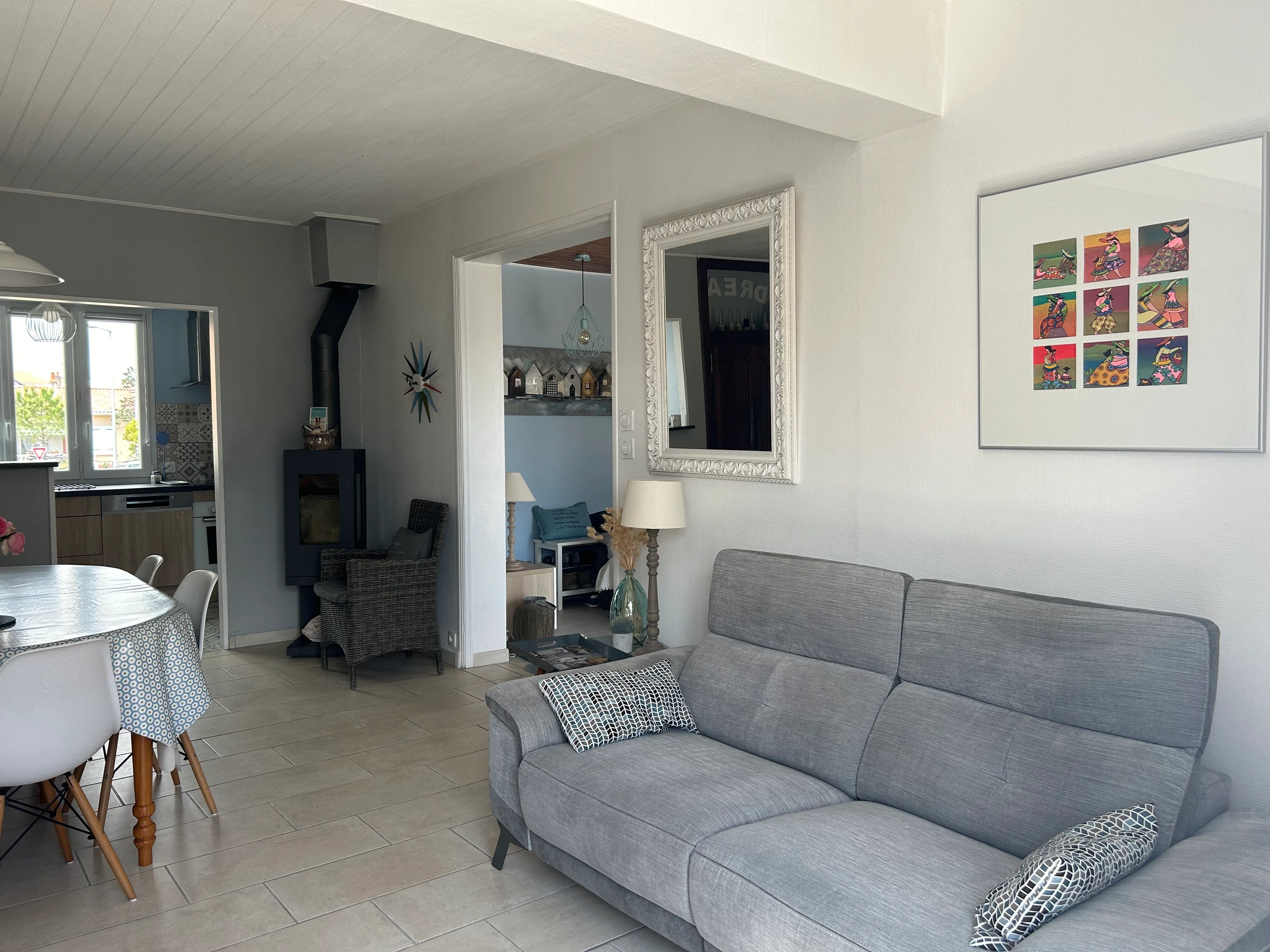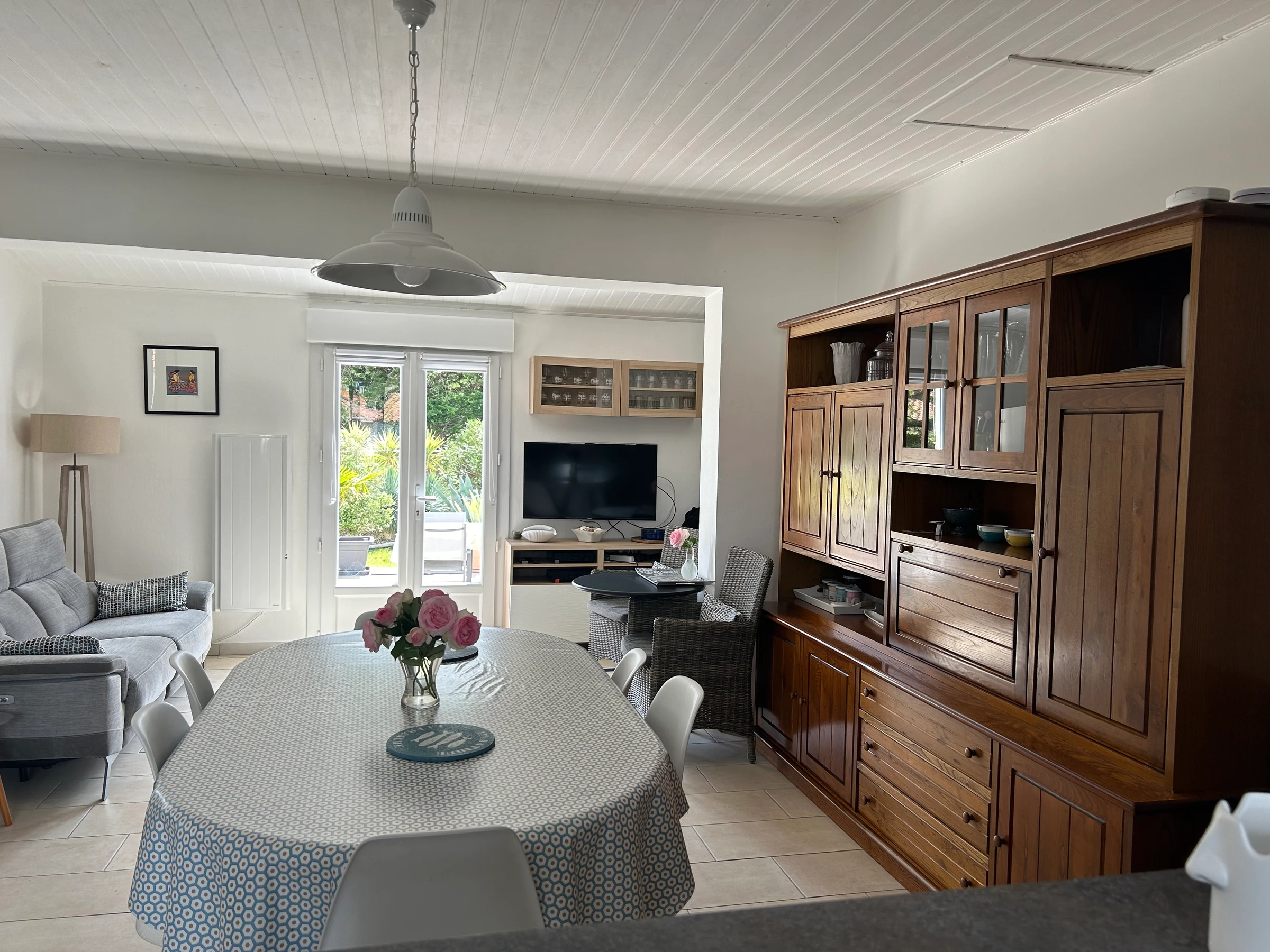 Equipements : télévision, wifi, réfrigérateur-congélateur, lave vaisselle, plaques induction, four, micro ondes, lave linge. Poêle en décoration, bouilloire, 1 fer à repasser, aspirateur,
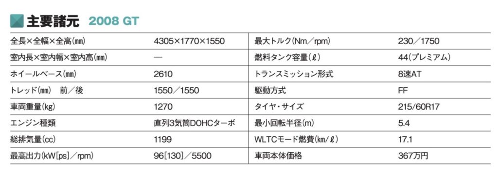 Bセグメントのコンパクトカーはフランス車が最も得意とするところで2008でもデザイン、上質な乗り味ともに世界のベンチマークと言える存在だ。パワートレインは1・2lガソリンターボ、1・5lディーゼルターボ、BEV(電気自動車)と3種類用意され、ユーザーの好みやライフスタイルに合わせて選択できるようになっている。
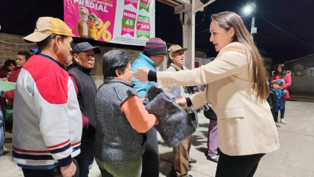 Amecameca, Méx.— La presidenta municipal de Amecameca, Ivette Topete García, realizó la entrega de más de 200 cobertores a habitantes de la delegación La Aldea de los Reyes, como parte del programa invernal dirigido a proteger a las familias de las zonas más frías del municipio.
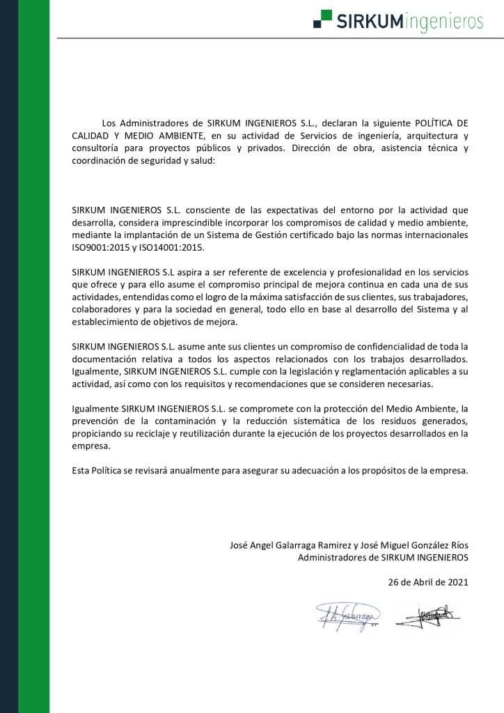 En SIRKUM, nuestro compromiso con la calidad y el medio ambiente es fundamental para el desarrollo de nuestras actividades. Implementamos un Sistema Integrado de Gestión (SIG) que garantiza la mejora continua, la satisfacción del cliente y la protección del entorno, alineado con las normas internacionales ISO 9001 e ISO 14001.
####
▶ [WHAT THE TASK ASKS]: An exact repeat of the listing above, pictures excluded, is the answer.

▶ [EXERCISE SOLUTION]:
 Equipements : télévision, wifi, réfrigérateur-congélateur, lave vaisselle, plaques induction, four, micro ondes, lave linge. Poêle en décoration, bouilloire, 1 fer à repasser, aspirateur,
 Bセグメントのコンパクトカーはフランス車が最も得意とするところで2008でもデザイン、上質な乗り味ともに世界のベンチマークと言える存在だ。パワートレインは1・2lガソリンターボ、1・5lディーゼルターボ、BEV(電気自動車)と3種類用意され、ユーザーの好みやライフスタイルに合わせて選択できるようになっている。
 Amecameca, Méx.— La presidenta municipal de Amecameca, Ivette Topete García, realizó la entrega de más de 200 cobertores a habitantes de la delegación La Aldea de los Reyes, como parte del programa invernal dirigido a proteger a las familias de las zonas más frías del municipio.
 En SIRKUM, nuestro compromiso con la calidad y el medio ambiente es fundamental para el desarrollo de nuestras actividades. Implementamos un Sistema Integrado de Gestión (SIG) que garantiza la mejora continua, la satisfacción del cliente y la protección del entorno, alineado con las normas internacionales ISO 9001 e ISO 14001.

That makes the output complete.